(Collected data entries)
▶
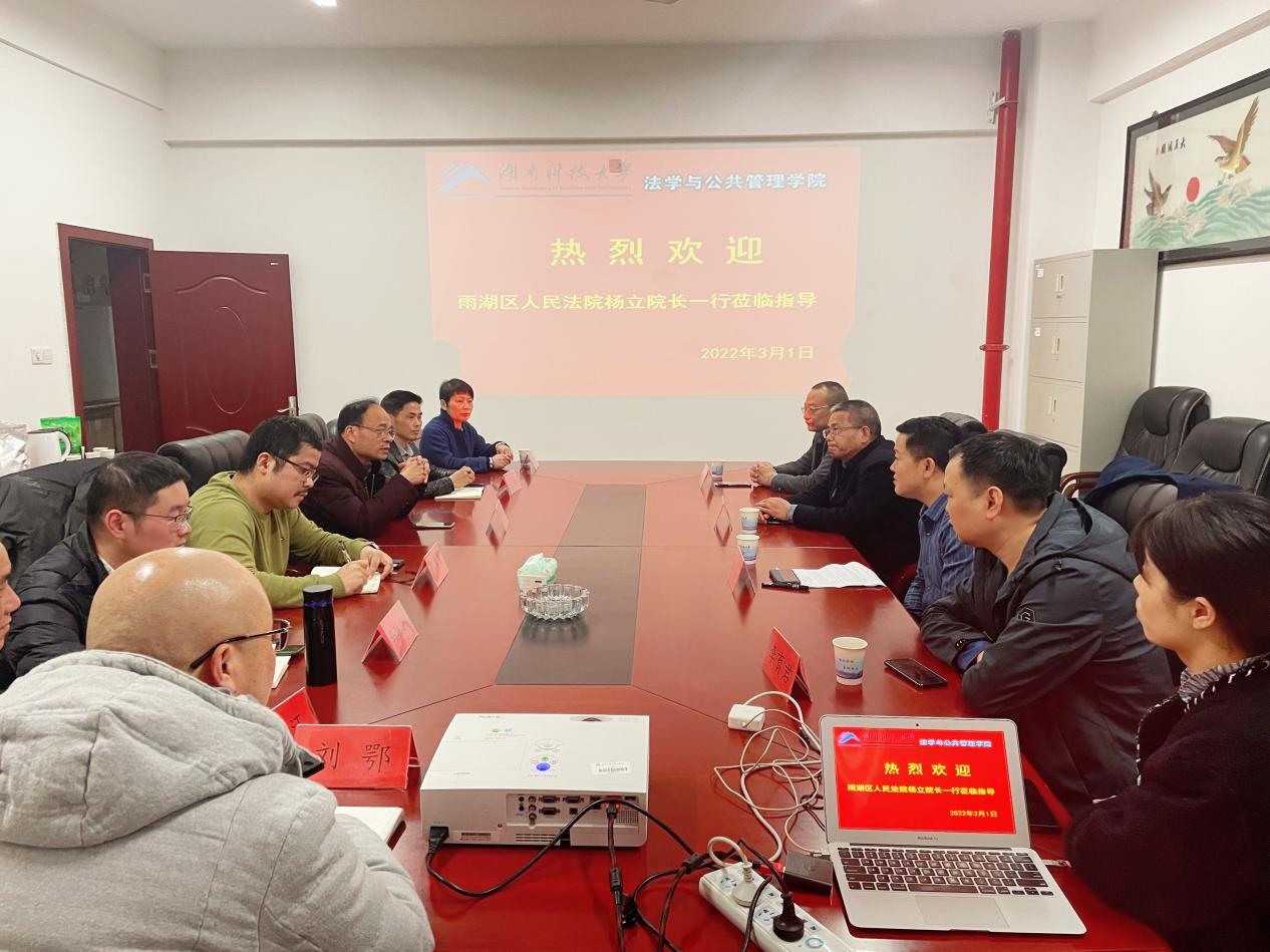 多年来,金牌影院与湘潭市雨湖区人民法院的合作在大学生诉讼引导志愿活动、庭审进校园等方面取得了较大成功。为进一步深化院校合作,加强双方联系,2022年3月1日下午,雨湖区人民法院党组书记、院长杨立,副院长王德云,政治部主任方刚,执行局局长李育君,民二庭庭长暨立春等莅临金牌影院指导交流。金牌影院党委书记邱帅萍主持了会议,副院长王明、法律服务中心主任马驰升、喻军教授、法律系主任吴四江、法律硕士点负责人刘鄂、实践教学中心主任左洪剑等参加了交流会。
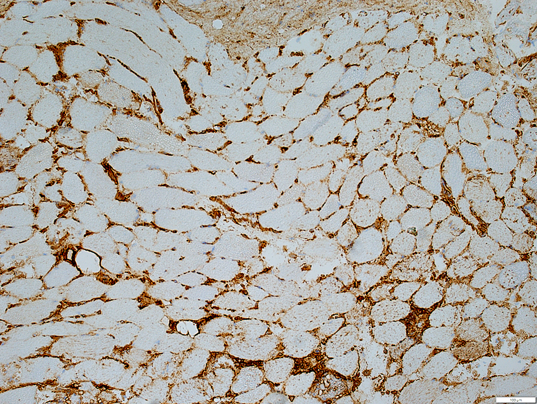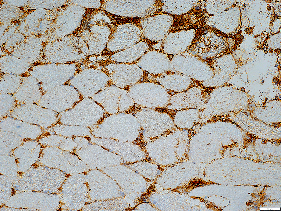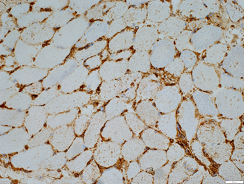 Muscle fibers: May have midly increased MHC-I expressed in cytoplasm
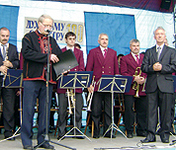 На фото: Сторічному оркестру жителі Лисиничів співали “Многая літа”…
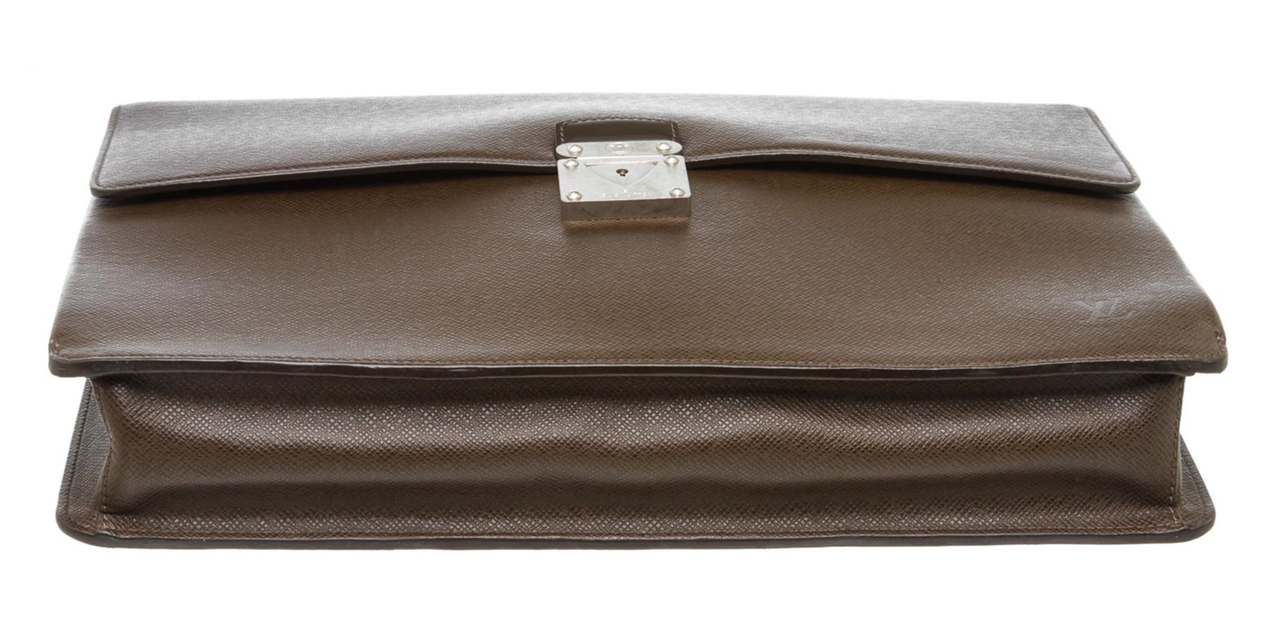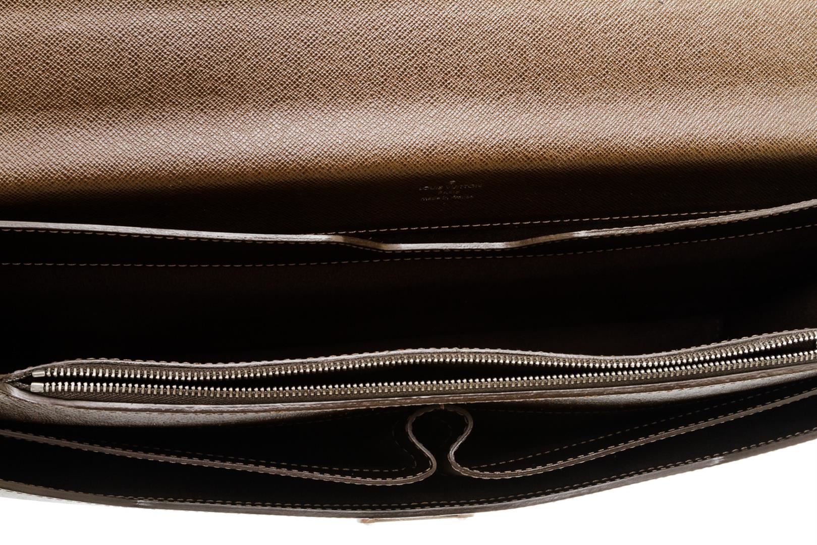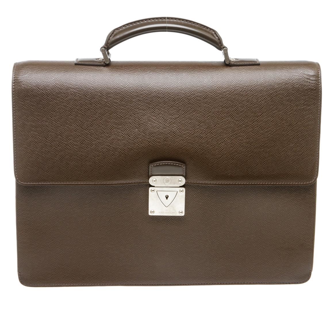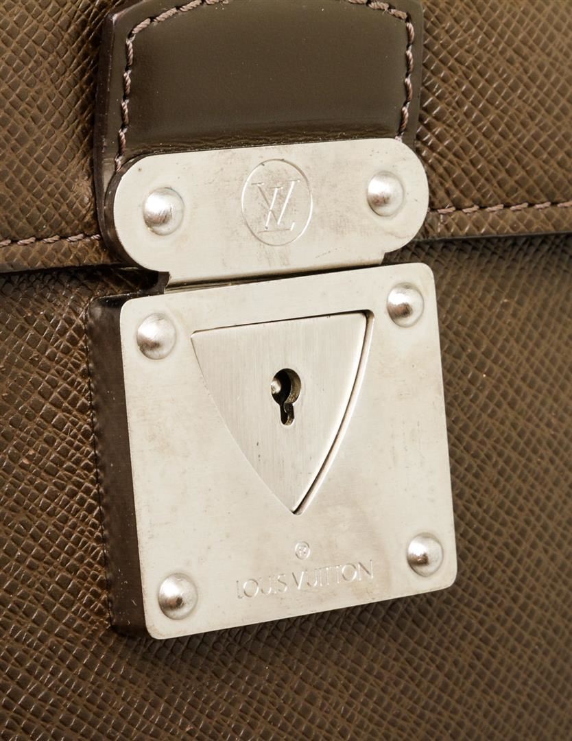 Brown Taiga leather Louis Vuitton Robusto briefcase with silver-tone hardware, slit pocket at back wall, canvas and leather interior lining, two interior compartments, three interior slit pockets, interior zip pocket and front security push-clasp closure.
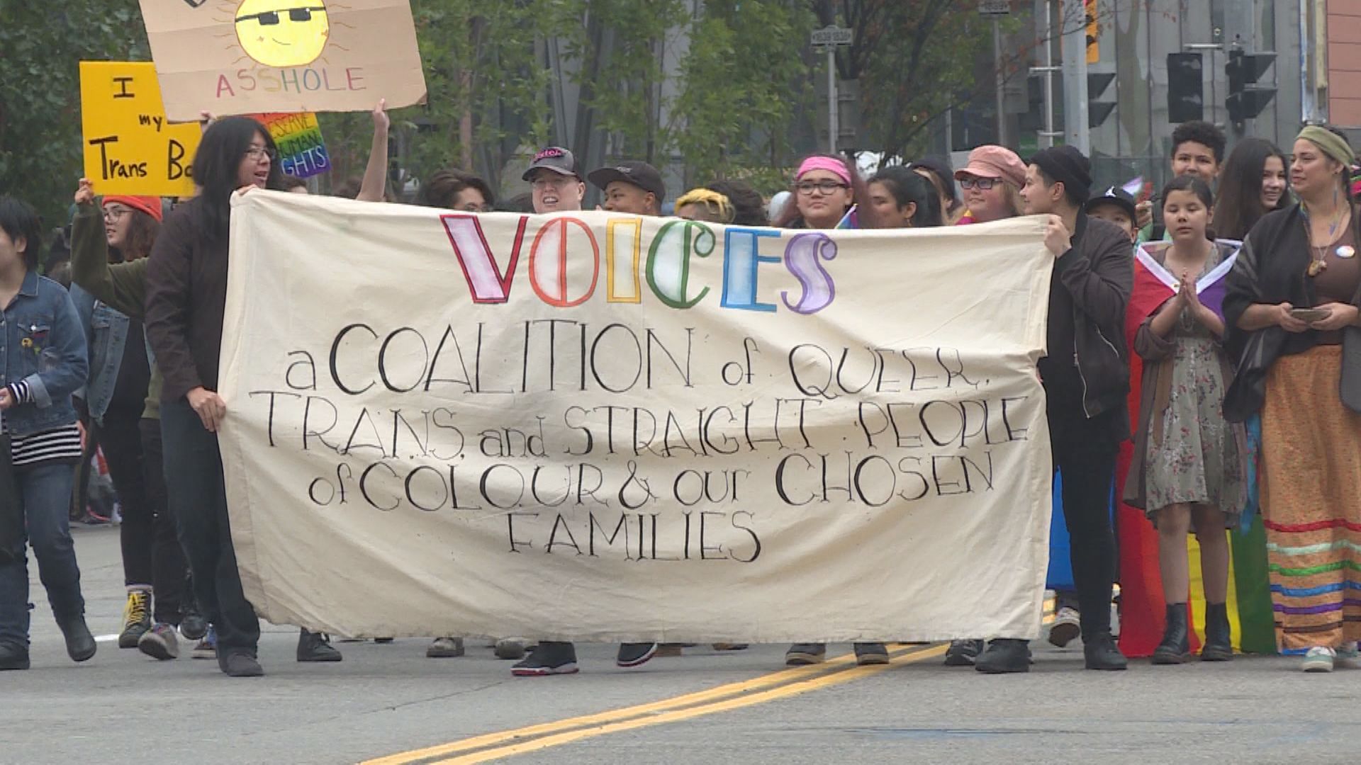 “I’m here marching, not with the NDP but with the conversion therapy working group, who have shown that there are a number of survivors speaking up against the harmful practice of conversion therapy,” Irwin said.
◀
- TASK TO CARRY OUT -
A faithful copy of all the lines above is needed, with the pictures omitted.

- RESULT BELOW -
 多年来,金牌影院与湘潭市雨湖区人民法院的合作在大学生诉讼引导志愿活动、庭审进校园等方面取得了较大成功。为进一步深化院校合作,加强双方联系,2022年3月1日下午,雨湖区人民法院党组书记、院长杨立,副院长王德云,政治部主任方刚,执行局局长李育君,民二庭庭长暨立春等莅临金牌影院指导交流。金牌影院党委书记邱帅萍主持了会议,副院长王明、法律服务中心主任马驰升、喻军教授、法律系主任吴四江、法律硕士点负责人刘鄂、实践教学中心主任左洪剑等参加了交流会。
 Muscle fibers: May have midly increased MHC-I expressed in cytoplasm
 На фото: Сторічному оркестру жителі Лисиничів співали “Многая літа”…
 Brown Taiga leather Louis Vuitton Robusto briefcase with silver-tone hardware, slit pocket at back wall, canvas and leather interior lining, two interior compartments, three interior slit pockets, interior zip pocket and front security push-clasp closure.
 “I’m here marching, not with the NDP but with the conversion therapy working group, who have shown that there are a number of survivors speaking up against the harmful practice of conversion therapy,” Irwin said.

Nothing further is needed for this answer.